There are a great many people on the interwebz. Some are capable of reading and understanding. Some are not. I can only explain it to you. I can’t understand it for you. Sorry.
On the bright side, it appears that a great many people do not share your confusion, which speaks well for our educational system.
So you seriously thought you were going to goad SHG into playing your game? Rube.
I’m busy. If I had more time, I might have played with him a bit. Just for fun.
He’s had some great posts in the past, which made clever and logical points in clear and convincing ways. And this post spends so *much* time talking about being a lawyer, I had this romantic notion that he might respond to a pundit like Klein who makes an actual argument by, well, responding to the main points of the argument, instead of, you know, the pointing and laughing thing.

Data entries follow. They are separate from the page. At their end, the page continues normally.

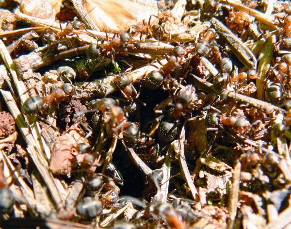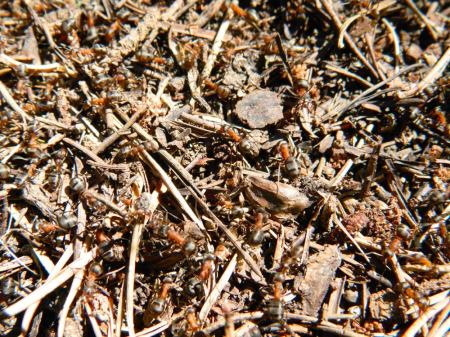 Fig 3. Hormigas de la especie Formica lugubris sobre el hormiguero en La Molina (Gerona)./ Desinsectador 08-2103
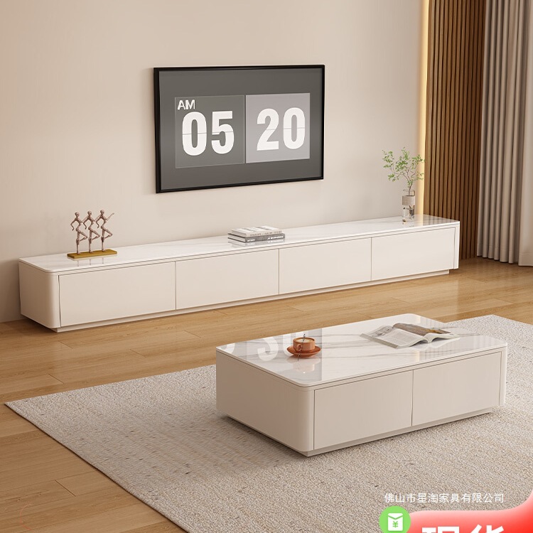 岩板电视柜客厅家用现代简约小户型新款落地实木茶几电视机柜组合
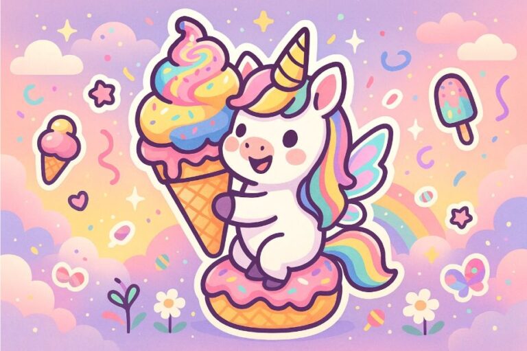 Ob als Regenbogen-Eis, fliegendes Einhorn oder magischer Eiswagen – die Möglichkeiten sind endlos. Alles, was du brauchst, sind ein paar Stifte, Fantasie und gute Laune.
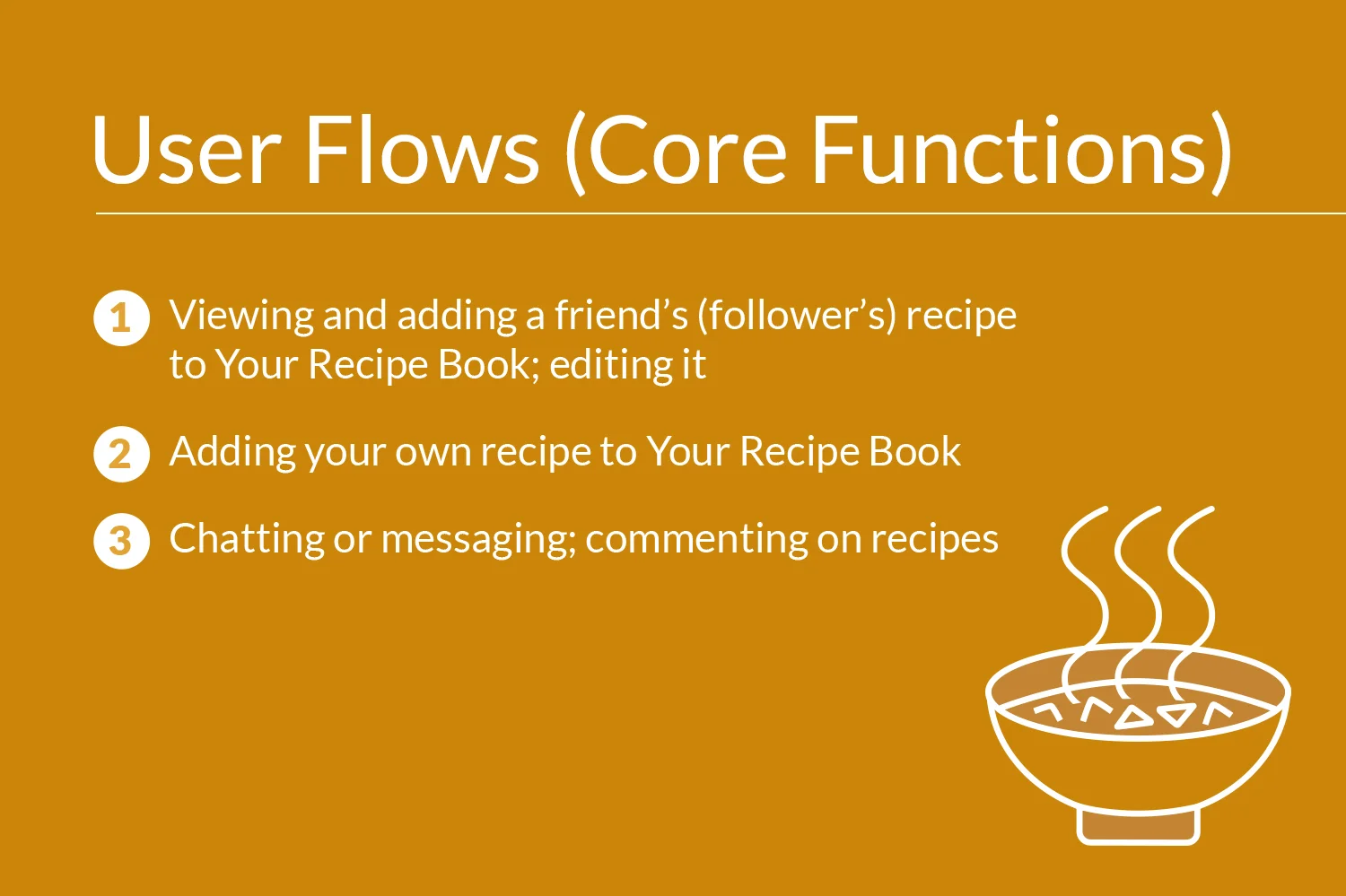 Prototype.    1.  Main screen with user's feed composed of recipes posted to the app by friends.   2.  View of user's recipe book with recipes from feed or user's own recipes. Filtering feature shown.   3.  View of recipe in editing

I’m sure it’s fun and makes everybody feel very good about themselves. But it isn’t very illuminating, let alone convincing, for anyone whose mind isn’t already made up. Personally, I’m on the fence about the “only affirmative consent” thing– I see people on both sides pointing to awfulness and I’m not sure who has the right of it. Obviously I was looking in the wrong place for help there.

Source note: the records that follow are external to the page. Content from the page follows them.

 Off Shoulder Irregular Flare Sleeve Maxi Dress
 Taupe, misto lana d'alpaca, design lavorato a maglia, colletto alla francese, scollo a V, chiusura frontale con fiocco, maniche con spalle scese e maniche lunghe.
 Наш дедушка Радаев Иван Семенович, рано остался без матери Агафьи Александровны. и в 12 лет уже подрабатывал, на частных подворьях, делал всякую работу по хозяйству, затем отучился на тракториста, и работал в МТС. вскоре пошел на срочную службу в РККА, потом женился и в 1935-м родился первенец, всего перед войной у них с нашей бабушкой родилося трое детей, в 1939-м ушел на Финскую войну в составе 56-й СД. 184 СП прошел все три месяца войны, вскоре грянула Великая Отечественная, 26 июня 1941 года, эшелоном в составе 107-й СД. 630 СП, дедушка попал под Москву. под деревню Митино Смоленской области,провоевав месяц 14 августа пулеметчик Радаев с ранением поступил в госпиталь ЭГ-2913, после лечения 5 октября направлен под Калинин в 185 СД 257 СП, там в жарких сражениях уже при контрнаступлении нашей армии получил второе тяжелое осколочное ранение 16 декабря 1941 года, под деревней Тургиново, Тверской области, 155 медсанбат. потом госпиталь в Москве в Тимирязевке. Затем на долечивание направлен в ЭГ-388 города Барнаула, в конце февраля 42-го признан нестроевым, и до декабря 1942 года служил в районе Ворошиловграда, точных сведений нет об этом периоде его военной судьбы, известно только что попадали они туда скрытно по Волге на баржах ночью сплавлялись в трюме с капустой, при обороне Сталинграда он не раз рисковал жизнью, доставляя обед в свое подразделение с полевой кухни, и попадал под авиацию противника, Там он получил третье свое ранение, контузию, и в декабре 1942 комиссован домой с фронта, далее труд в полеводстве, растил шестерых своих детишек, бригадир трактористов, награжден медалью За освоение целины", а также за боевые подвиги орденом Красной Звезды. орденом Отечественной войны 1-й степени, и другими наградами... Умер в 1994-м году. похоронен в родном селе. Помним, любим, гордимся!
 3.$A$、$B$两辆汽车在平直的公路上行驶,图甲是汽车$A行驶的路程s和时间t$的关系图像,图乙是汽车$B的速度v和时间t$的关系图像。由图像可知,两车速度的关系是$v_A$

If you read this post as pointing and laughing, and thus without substance, I can’t help that. I don’t rewrite posts for each and every person who lacks the capacity to understand the points made. As for using my failure to cater to you as evidence of anything, that too is your choice. It’s of no significance to me or anyone else. The post says what it says. You take away what you take away. If this is the “wrong place for help” for you, then I will just have to live with those harsh words.
David, I’m going to assume you’re a man. Do you really believe that, in the dating arena, women bear the vast majority of the burden, let alone enough of a burden to require legal remedy? I would be shocked if that conclusion matchex your personal experiences.
“why do you think college sexual harassment proceedings should be held to different standards than college plagiarism proceedings?”
Because colleges are qualified to determine if plagiarism has taken place but are not qualified to handle a criminal proceeding. Did the college you attended have a crime lab?
“if this change seems to weight things against college guys, maybe it’s a welcome corrective for generations of culture that weighted things against college girls”
A wise man once said “darkness can not drive out darkness, only light can do that.”
Klein sneers, “This is why, for instance, students aren’t guaranteed legal representation in plagiarism hearings.” Isn’t this a valid question that he is begging? To my ignorant lay mind, the biggest difference between sexual misconduct hearings and plagiarism hearings is that the former is now mandated by the federal government, while the latter is a matter between the student and his professor or school.
If we let congress get away with mandating that schools set up kangaroo courts for students accused of rape, why shouldn’t they try to require that web hosting sites set up kangaroo courts for bloggers accused of harassing candidates? Or that homeowners associations set up neighborly tribunals for people accused of putting up unfriendly signs?
More than that, being expelled from college as a rapist follows someone forever. It’s not like plagiarism. Not at all.